Learning Objectives

By the end of this module, students should be able to:

  1. Distinguish between counts, ratios, proportions, and rates.
  2. Define, calculate, and interpret measures of Morbidity (Prevalence and Incidence).
  3. Define, calculate, and interpret measures of Mortality (Crude, Specific, and Case Fatality).
  4. Understand the mathematical relationship between Prevalence and Incidence.

1. Introduction: The Quantitative Nature of Epidemiology

Epidemiology is defined as the study of the distribution and determinants of health-related states. To study “distribution,” we must quantify disease. We cannot manage what we cannot measure.

The Mathematical Tools

Before we measure disease, we must define our tools:

A. Ratios

One quantity divided by another quantity. The numerator is not necessarily in the denominator. \[ \text{Ratio} = \frac{x}{y} \] * Example: Sex ratio (Males / Females).

B. Proportions

A type of ratio where the numerator is included in the denominator. Usually expressed as a percentage. \[ \text{Proportion} = \frac{a}{a+b} \times 100 \]

C. Rates

A ratio that consists of a numerator and denominator, but explicitly includes a measure of time.
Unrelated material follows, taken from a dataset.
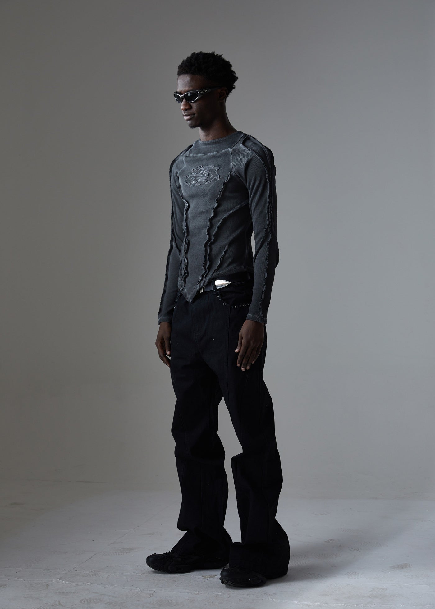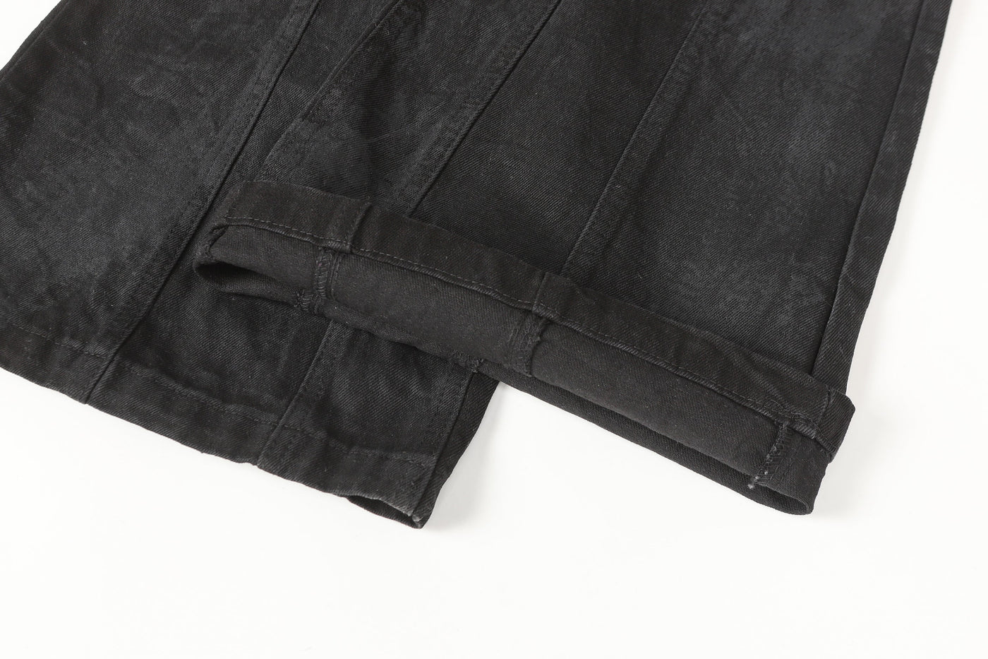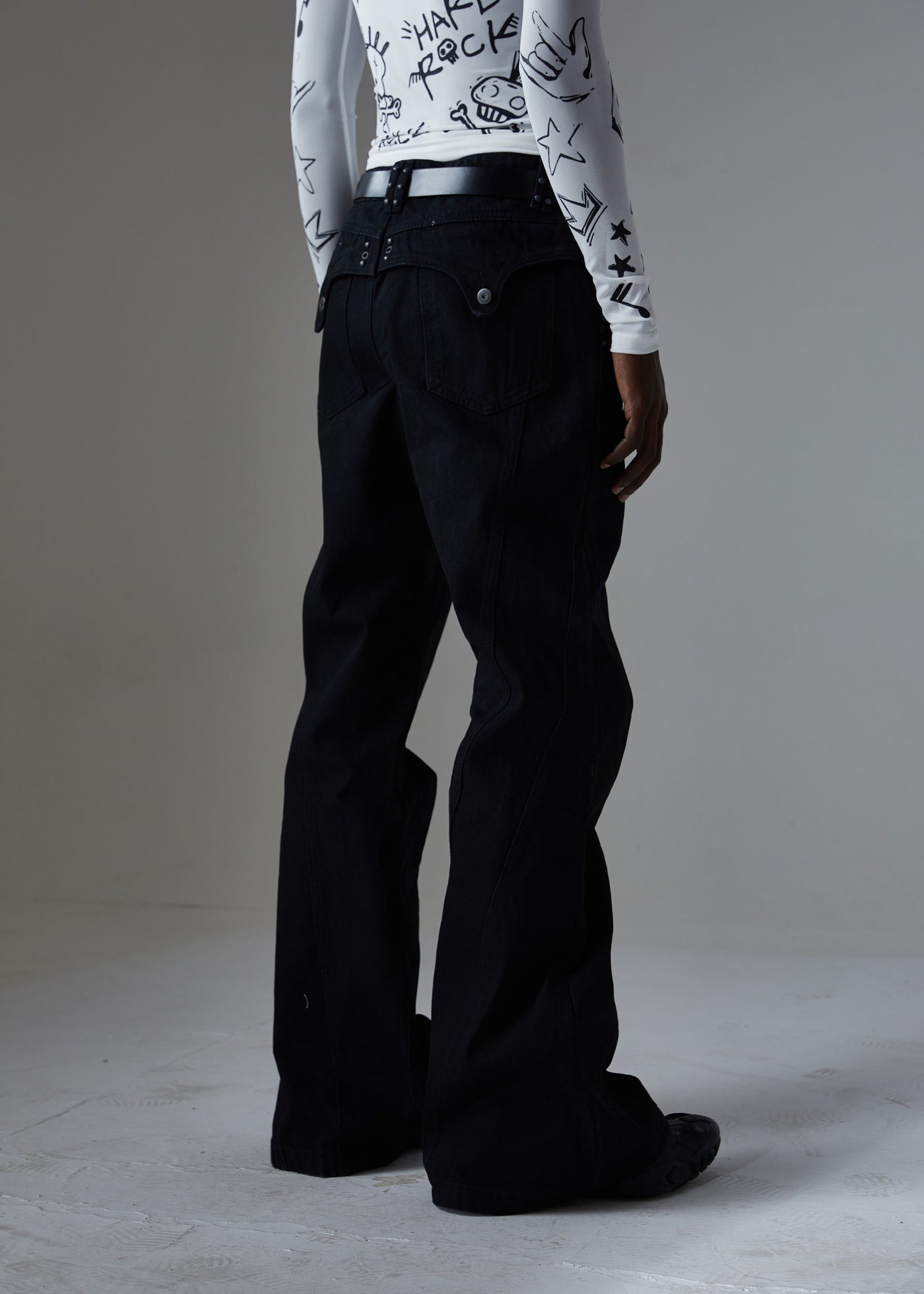 The Omirad Studded Panel Wide-Leg Jeans channel a dark, industrial streetwear aesthetic with subtle metal rivet detailing and sculpted seam panels. The exaggerated wide-leg silhouette and washed black finish give these jeans a heavy drape and underground attitude—made to stand out with minimal styling.

It measures the speed of disease occurrence.

# R Example: Basic Calculations
females <- 60
males <- 40
total <- females + males

# Ratio
sex_ratio <- males / females
print(paste("Sex Ratio (M:F):", round(sex_ratio, 2)))
## [1] "Sex Ratio (M:F): 0.67"
# Proportion
prop_female <- females / total
print(paste("Proportion of Females:", prop_female * 100, "%"))
## [1] "Proportion of Females: 60 %"

2. Measures of Morbidity

Morbidity refers to the state of being diseased or unhealthy within a population. We look at two main perspectives: Status (Prevalence) and Change (Incidence).

A. Prevalence (P)

Prevalence measures the proportion of individuals in a population who have the disease at a specific point in time (or period). It is a “snapshot.”

\[ \text{Prevalence} = \frac{\text{Number of existing cases}}{\text{Total population}} \times 100 \]

Real-Life Example:

Diabetes in the USA: If there are 34 million people with diabetes in a population of 330 million. \[ P = \frac{34,000,000}{330,000,000} \approx 10.3\% \]

Types of Prevalence:

  1. Point Prevalence: Do you have the disease right now?
  2. Period Prevalence: Did you have the disease at any time during the last year?
# Visualizing Prevalence
set.seed(123)
population_n <- 100
status <- sample(c("Healthy", "Diseased"), population_n, replace = TRUE, prob = c(0.85, 0.15))
df <- data.frame(status)

ggplot(df, aes(x = status, fill = status)) +
  geom_bar() +
  labs(title = "Point Prevalence Snapshot", y = "Count") +
  theme_minimal() +
  scale_fill_manual(values = c("red", "lightblue"))
Figure 1: Visualizing Prevalence in a Sample Population

Figure 1: Visualizing Prevalence in a Sample Population


B. Incidence (I)

Incidence measures the occurrence of new cases of disease in a population at risk over a specified period.

1. Cumulative Incidence (Risk)

The probability that an individual will develop the disease during a specific time period.

\[ \text{CI} = \frac{\text{Number of NEW cases}}{\text{Population at risk at start of period}} \]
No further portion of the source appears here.